(Dataset extract begins)

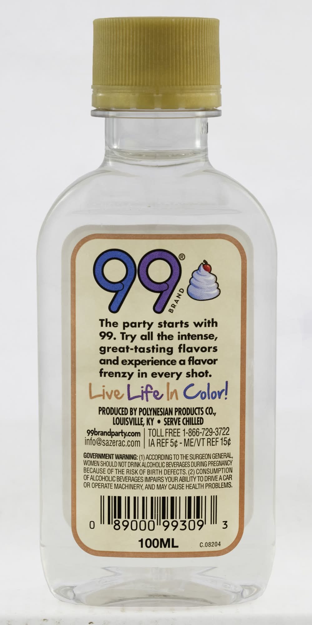 Liven up your experience with the exciting flavor of 99 Brand Whipped Liqueur. At 49.5% alcohol, 99 Brand drinks can be enjoyed out of the bottle for a burst of tasty whipped cream flavor. Perfect for any party or celebration with friends, these liqueur shots can be used in a multitude of alcoholic beverages and mixed drinks. Live life in color with 99 Brand Liqueur. Please drink responsibly. • Alcohol by volume: 49.5% • Sazerac, Louisville, KY • Packaging: Reusable
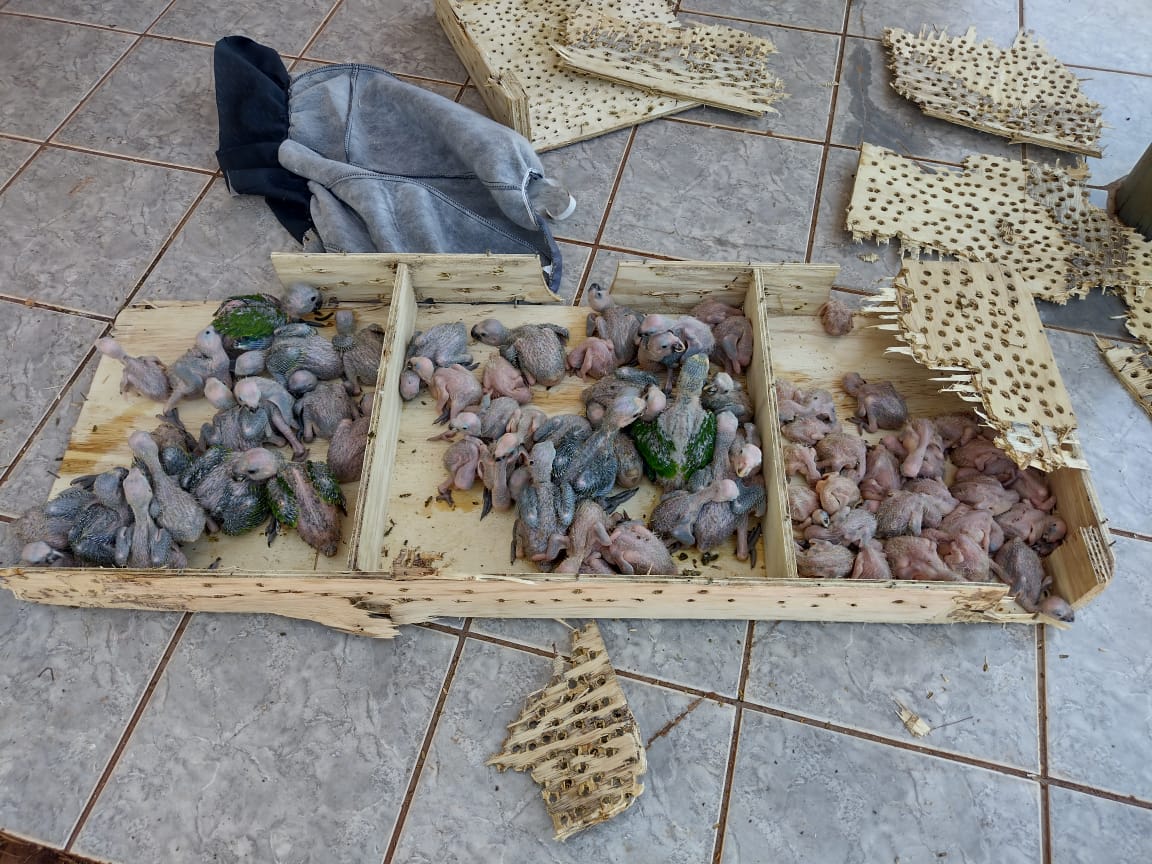 A Polícia Militar Ambiental (PMA) de Batayporã abordou em flagrante no domingo (17), no entroncamento das rodovias MS-141 e MS-473, em Nova Andradina, um casal, do interior do estado de São Paulo, que trafegavam em um veículo transportando 79 filhotes de papagaio verdadeiros, de vários tamanhos, em uma caixa de madeira.
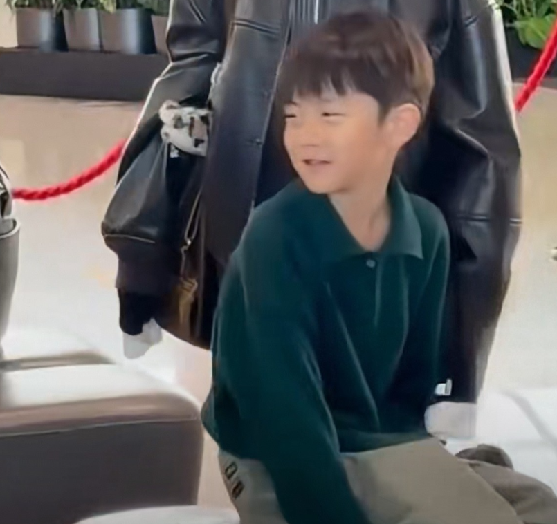 小儿子身穿绿色长袖polo衫,一头短发清爽利落,打造出既时尚又显眼的造型,让他的小眼睛也焕发出迷人的光彩。
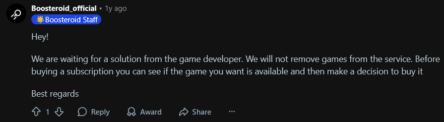 I am writing this bug report after realizing that no one is aware of this or does not want to talk about this. This is not a direct bug report regarding the in game performance or stability issues but rather the availability of the game itself. It is no doubt that the times and the ways we game, the prices we pay for games and the way we own or have access to those games are changing. Naturally, Cloud Gaming presents itself in this predicament as an alternative solution to ever so evolving, ever so competitive market where access to hardware becomes less likely than yesteryear. One such platform is Boosteroid. One of many competitors to widely known brands like Xbox Cloud Gaming or Nvidia GeForce Now.

(Dataset extract ends)

● Work order
Repeat each line above exactly. The pictures stay out.

● Response for this exercise
 Liven up your experience with the exciting flavor of 99 Brand Whipped Liqueur. At 49.5% alcohol, 99 Brand drinks can be enjoyed out of the bottle for a burst of tasty whipped cream flavor. Perfect for any party or celebration with friends, these liqueur shots can be used in a multitude of alcoholic beverages and mixed drinks. Live life in color with 99 Brand Liqueur. Please drink responsibly. • Alcohol by volume: 49.5% • Sazerac, Louisville, KY • Packaging: Reusable
 A Polícia Militar Ambiental (PMA) de Batayporã abordou em flagrante no domingo (17), no entroncamento das rodovias MS-141 e MS-473, em Nova Andradina, um casal, do interior do estado de São Paulo, que trafegavam em um veículo transportando 79 filhotes de papagaio verdadeiros, de vários tamanhos, em uma caixa de madeira.
 小儿子身穿绿色长袖polo衫,一头短发清爽利落,打造出既时尚又显眼的造型,让他的小眼睛也焕发出迷人的光彩。
 I am writing this bug report after realizing that no one is aware of this or does not want to talk about this. This is not a direct bug report regarding the in game performance or stability issues but rather the availability of the game itself. It is no doubt that the times and the ways we game, the prices we pay for games and the way we own or have access to those games are changing. Naturally, Cloud Gaming presents itself in this predicament as an alternative solution to ever so evolving, ever so competitive market where access to hardware becomes less likely than yesteryear. One such platform is Boosteroid. One of many competitors to widely known brands like Xbox Cloud Gaming or Nvidia GeForce Now.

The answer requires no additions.